Кляча пустил по снегу длинную струю табачной жвачки:

– Эту айтальянскую дамочку через три дома? Конечно, знаю, а чё?

– Ты ее давно видел?

– Ага.

– А когда, Кляча?

Кляча перегнулся через руль, вытер пот с лица, снова харкнул табаком и погрузился в тщательные вычисления. Артуро терпеливо стоял рядом, надеясь на хорошие новости.

– Последний раз я видел ее три года назад, – наконец изрек Кляча. – А чё?

– Ничего, – ответил Артуро. – Расслабься.

Три года назад! Вот дурень-то, сказал так, будто это никакого значения не имеет.

* * *

Глубокие дни, печальные дни.

Дома – хаос. Возвращаясь из школы, они видели, что передняя дверь открыта, по дому полноправно гуляет холодный вечерний воздух. Печи остыли, пепел аж высыпается из поддувал. Где она? И они пускались на поиски. Она никогда далеко от дома не уходила – то пряталась в старом каменном амбаре на пастбище, сидела на ящике или опиралась о стену, а губы шевелились. Однажды они искали ее после заката, долго, обшарили весь район, заглядывали в сараи и амбары, пытались читать следы на берегах маленького ручейка, который за одну ночь разбух до бурого матерщинника, что в реве своего презрения пожирал пласты земли с росшими на них деревьями.
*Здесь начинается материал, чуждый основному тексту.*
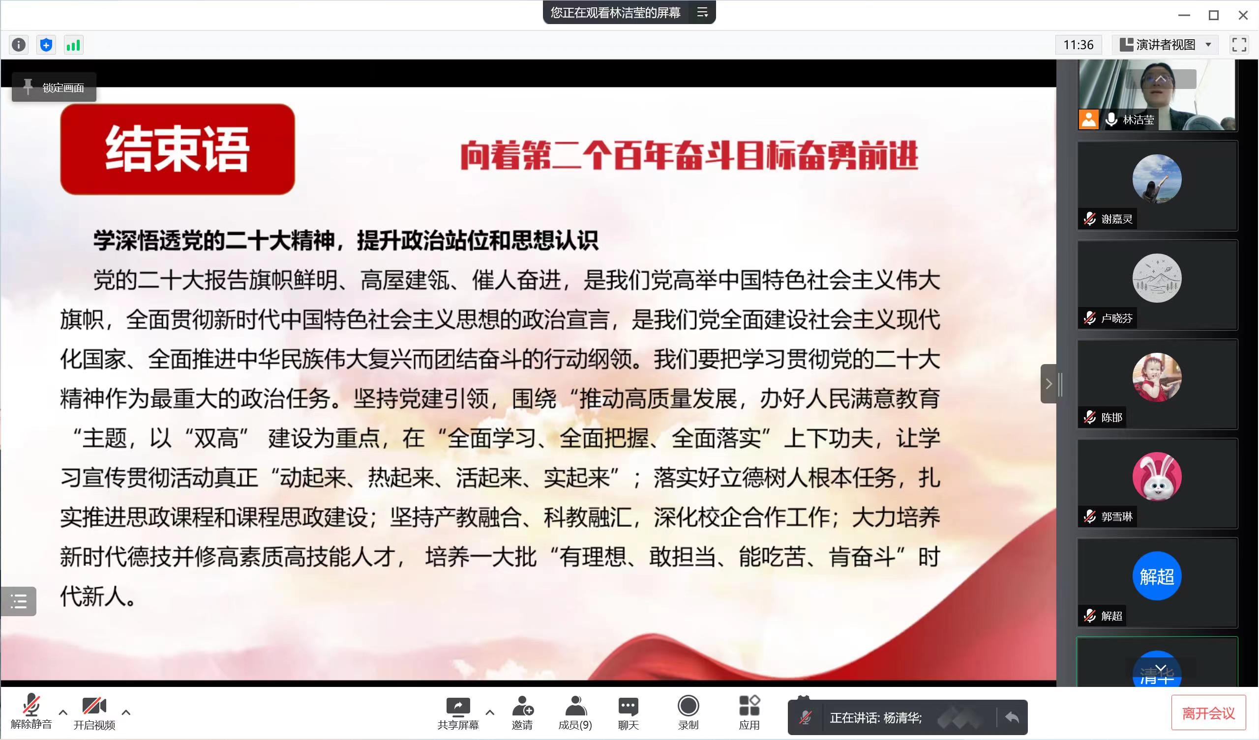 此次專題宣講,圍繞黨的二十大鮮明主題、重大意義、報告的15個方面內(nèi)容進(jìn)行解讀,聚焦新論述新論斷,重點(diǎn)對黨的二十大報告的“關(guān)鍵詞”進(jìn)行了詳細(xì)闡釋。講授過程緊密結(jié)合國內(nèi)外形勢,穿插個人深入思考和現(xiàn)實(shí)案例,深入淺出,主旨鮮明地揭示了報告精髓和要義。黨課最后,林潔瑩同志強(qiáng)調(diào),全體師生要把學(xué)習(xí)貫徹黨的二十大精神作為當(dāng)前和今后一個時期的首要政治任務(wù),在全面學(xué)習(xí)、全面把握、全面落實(shí)上下功夫,學(xué)深悟透,準(zhǔn)確學(xué)習(xí)把握黨的二十大精神核心要義和豐富內(nèi)涵,把學(xué)習(xí)貫徹黨的二十大精神和學(xué)院重點(diǎn)工作結(jié)合起來,以黨的二十大精神為引領(lǐng),立足本職工作,堅(jiān)守培養(yǎng)社會主義建設(shè)者和接班人的育人本色,在新時代新征程上為學(xué)院轉(zhuǎn)型發(fā)展作出新的貢獻(xiàn)!

Они стояли на берегу и смотрели на рычащий поток. Не разговаривали. Потом рассредоточились и пошли искать снова, вверх и вниз по течению. Через час вернулись в дом. Артуро развел огонь. Август и Федерико сгрудились вокруг печки.

– Она уже скоро будет дома.

– Конечно.

– Может, она в церковь пошла.

– Может.

И тут у себя под ногами они услышали. Там ее и нашли – в погребе, на коленях над тем бочонком, который Папа поклялся не открывать, пока вину не исполнится десять лет. Она не обратила ни малейшего внимания на их уговоры. Холодно глянула на слезы в глазах Августа. Они поняли, что не имеют для нее никакого значения. Артуро нежно взял ее за руку, чтобы помочь подняться на ноги. Тыльной стороной руки она быстро шлепнула его по лицу. Глупо. Он рассмеялся, чуть-чуть натужно, поглаживая рукой покрасневшую щеку.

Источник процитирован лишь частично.